There are about 4,300 publicly traded companies in the U.S. on NASDAQ and NYSE. In 2016, there were under 1,000 proposals filed. And, according to ISS, as of June 2017 there were approximately 485 resolutions on environmental, social issues and another 350 on traditional governance matters, figures that will grow by year end. Approximately 432 went to a vote since others were withdrawn by agreement or allowed to be omitted by the SEC.
That means less than one fifth of public companies in the United States received even one resolution. Since some companies received multiple resolutions, the percentage of listed companies that receive shareholder resolutions is likely far smaller. In addition, the vast majority of shareholder proposals are nonbinding. They communicate shareholder concerns, but do not oblige the companies to take specific actions. This is hardly a significant drag on the financial markets.
Much has also been made of the expense that companies bear in dealing with these proposals. Though the figure of $87,000 has been argued as the cost companies bear to deal with shareholder proposals, this number has been thoroughly critiqued as being overinflated, since it includes, for example, the entire cost of printing a proxy. We checked at random the most recent proxy statements of 20 of the members of the BRT, and came up with an average length of around 43,000 words. Shareholder proposals are limited by regulation to 500 words, meaning that any additional printing cost of the resolution and company response is essentially negligible. And considering that many shareholder proposals are withdrawn by their proponents after reaching agreement with the companies, even one percent is likely a high estimate. Adam Kanzer’s post on this Forum presents a thorough and thoughtful critique of this misleading figure.
The Value of Listening
Listening to alternative points of view has been shown to be valuable to business. An article from HBR, for example, noted that teams with diverse backgrounds tend to focus more on facts than homogeneous teams and are more likely to constantly reexamine facts and stay more objective. Scientific American made similar points, noting that “people with different backgrounds bring new information,” and “interacting with individuals who are different forces group members to prepare better, to anticipate alternative viewpoints and to expect that reaching consensus will take effort.” These qualities are desirable for well-functioning boards of directors.
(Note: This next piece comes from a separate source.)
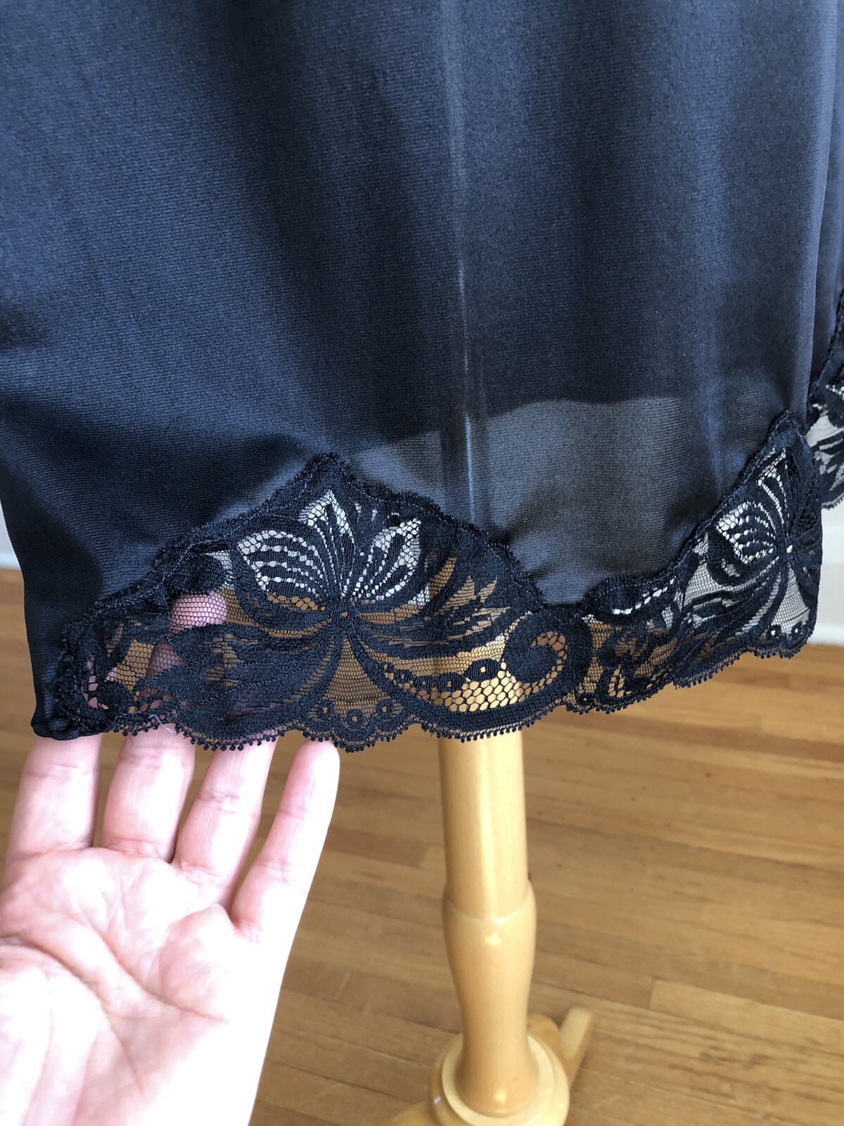 как выглядит FLAWLESS VTG WONDER MAID Non-Cling Black Lacey Full-slip Dress Lingerie SZ 36 фото

Since most boards have less than 20 people on them, and many long-standing board members serve together for years, the tendency toward groupthink is natural even for good boards. Openness to ideas from outsiders—in this case, shareholders—can be a source of the alternative viewpoints that serve to make boards more diligent, more faithful to facts and better informed.
Moreover, boards are there to represent and serve the interests of shareholders. It seems logical that those shareholders should have a meaningful mechanism to communicate with boards that is not overly burdensome for the shareholders, especially minority shareholders, whose very presence has intrinsic value to the corporation, according to a very recent post on this Forum. Like the literature on diverse groups’ decision making cited earlier, this post notes that “the wisdom from the multitude of retail shareholders might actually lead to better decisions than the wisdom of the few (controlling shareholder or managers.)”
It can be annoying to listen to the ideas of others, but over and over, we find that the ability to consider multiple points of view makes for better decision making, no matter what the context, whether it be a board of directors or a PTA.
While not every idea is worth pursuing, silencing them would be a very bad idea.